4:00 am: Me and my wife briefly try to figure out who gets first driving shift. She got the last speeding ticket. I fall asleep at the wheel even on short jaunts to the grocery store. Her rock beats my scissors.

4:05 am: GPS wants to know what route to set. We tell it anywhere but via New York City. It calls us wusses.

4:10 am (Don't worry. I start keeping longer increments soon): Surprised at how many people leave their Christmas lights on all night. Thankful for the Christmas send-off, though, since soon enough our only lights will be lighted highway signs.

4:15 am: The ache in my bones makes me suddenly realize that Santa must be getting too old to work the night shift.

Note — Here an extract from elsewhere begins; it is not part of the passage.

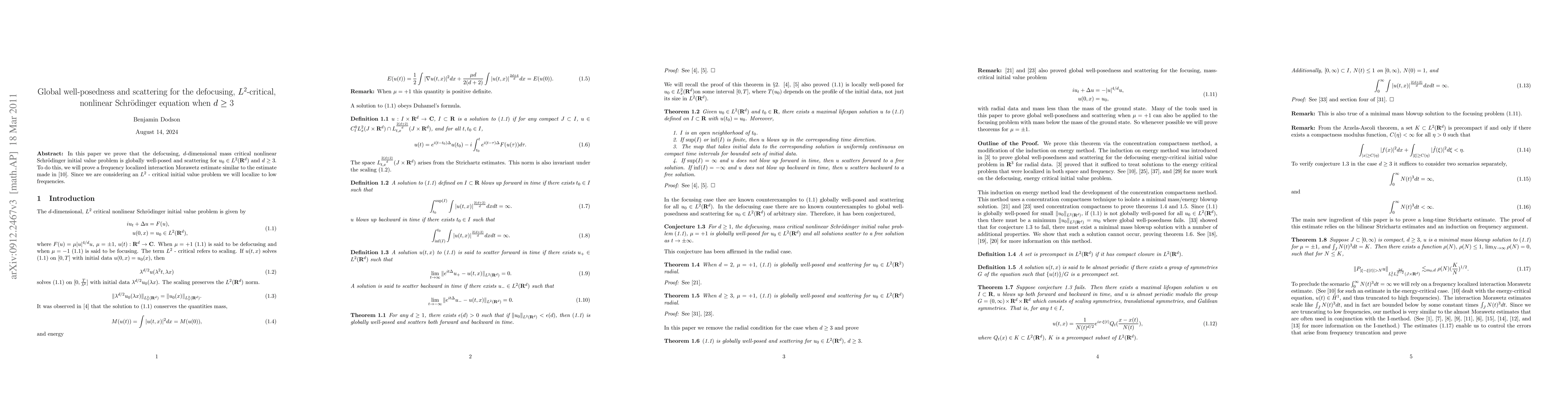 In this paper we prove that the defocusing, $d$-dimensional mass critical nonlinear Schr{\"o}dinger initial value problem is globally well-posed and scattering for $u_{0} \in L^{2}(\mathbf{R}^{d})$ and $d \geq 3$. To do this, we will prove a frequency localized interaction Morawetz estimate similar to the estimate made in [10]. Since we are considering an $L^{2}$ - critical initial value problem we will localize to low frequencies.

Make mental note that, when my kid gets old enough to find out it's not Santa putting the gifts under the tree, I’ll use that as the excuse and avoid the whole “I’ve been lying to you all these years” conversation.

4:17 am: Cross border into Massachusetts. Not the milestone it sounds. We’re right on the border, so we cross by accident just about every day.

4:50 am: Despite being straight-jacketed into a car seat and being woken at 3:30 in the morning, baby manages to be resourceful enough to find a large package of goldfish crackers, rip it open, and pour the entire contents into her car seat. It looks like a blast, and I make my second mental note of the trip to try that myself at some point. Meanwhile, I spend the next 15 minutes cleaning them up by shoveling them out the window like coal in a steam engine furnace.

5:10 am: Put on the cardboard snowflake glasses that I got at the Hershey Sweet Lights Show that makes all points of light turn into glowing snowflakes. Tollbooths and truck tail lights mesmerize me for the next half hour.

5:30 am: Can't get stupid Tom Cochrane out of head. Turn on Christmas music.

5:40 am: Connecticut welcomes us.

6:00 am: Discover that a triple-decker toadstool sandwich with arsenic sauce is starting to sound pretty good.

6:10 am: Stop at McDonald's. Close enough.

6:30 am: Fall asleep. Instead of dreaming of a white Christmas, I dream I’m living in Florida on a boat in somebody’s driveway while Alex P. Keaton’s ex-girlfriend yells at me from the front yard. Decide to cut back on watching Cougar Town episodes.

6:40 am: Dawn breaks. We pull over and fix it.

7:40 am: I awake and we find a parking lot to switch driving shifts. A starling murmuration dances mere feet away from us. For the millionth time, wish I believed in good omens.

7:50 am: Cross border into New York. Start seeing signs of past snowfall that continues the rest of the trip. Looks like the remnants of some grand party that we missed.

8:00 am: Tire of Christmas music. Pop in Leonard Cohen.

8:10 am: Briefly wonder what a Leonard Cohen Christmas album would sound like. Figure it would be sad and regretful enough to make God want to revoke the holiday out of pity.

8:45 am: Cross border into Pennsylvania. Realize this blog post will be boring if something doesn't happen soon. Decide to exaggerate.

9:00 am: Saw an old woman get hit-and-run by some kind of flying caribou.

9:30 am: Saw a logging truck with a station wagon driving underneath it.

10:00 am: Stop at a rest stop. Hit the vending machines.

10:15 am: Learn that road boredom is the one thing that two sticks of Twix can't fix.

11:30 am: Middle of a boring stretch where I try to take pictures from a car doing illegal highway speeds. 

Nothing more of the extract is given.